Bug #1144
lxml not finding elements
Start date:
12/27/2015
Due date:
% Done:
100%
Description
https://answers.splunk.com/answers/337109/extracting-http-served-xml-datascraping-http-provi.html
Sample code:
import lxml.html from cssselector import CSSSelector content = """<nutcallstatus> <!--this is similar to status.xml, but with more values--> <!--all temperatures are displayed in tenths F, regardless of setting of unit--> <!--all temperatures sent by browser to unit should be in F. you can send tenths F with a decimal place, ex: 123.5--> <COOK> <COOK_NAME>Cook</COOK_NAME> <COOK_TEMP>695</COOK_TEMP> <COOK_SET>1000</COOK_SET> <COOK_STATUS>0</COOK_STATUS> </COOK>""" tree = lxml.html.fromstring(content) selector = CSSSelector("COOK_TEMP") matches = selector(tree) print matches
History
#1 Updated by Luke Murphey about 9 years ago
- Target version set to 1.2.0
#2 Updated by Luke Murphey about 9 years ago
It turns out that LXML converts the HTML representation to lowercase.

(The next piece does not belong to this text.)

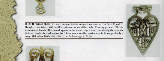 And finally, this R & B trivet just sold at auction! It was one of thirteen trivets in Lot 120 from a large trivet collection, presented by the Atlanta Auction Gallery on April 15, 2023. I know who won it and will request she update us once the shipment is received and the trivet examined. I’ll be interested to learn the measurements and discover what type of cast mark(s) it has.

That can be proven by parsing some XML and then calling this:
lxml.etree.tostring(tree)
The output is:
<nutcallstatus>\n <!--this is similar to status.xml, but with more values-->\n <!--all temperatures are displayed in tenths F, regardless of setting of unit-->\n <!--all temperatures sent by browser to unit should be in F. you can send tenths F with a decimal place, ex: 123.5--> \n <cook>\n <cook_name>Cook</cook_name>\n <cook_temp>695</cook_temp>\n <cook_set>1000</cook_set>\n <cook_status>0</cook_status>\n </cook></nutcallstatus>
#3 Updated by Luke Murphey about 9 years ago
- Status changed from New to Closed
- % Done changed from 0 to 100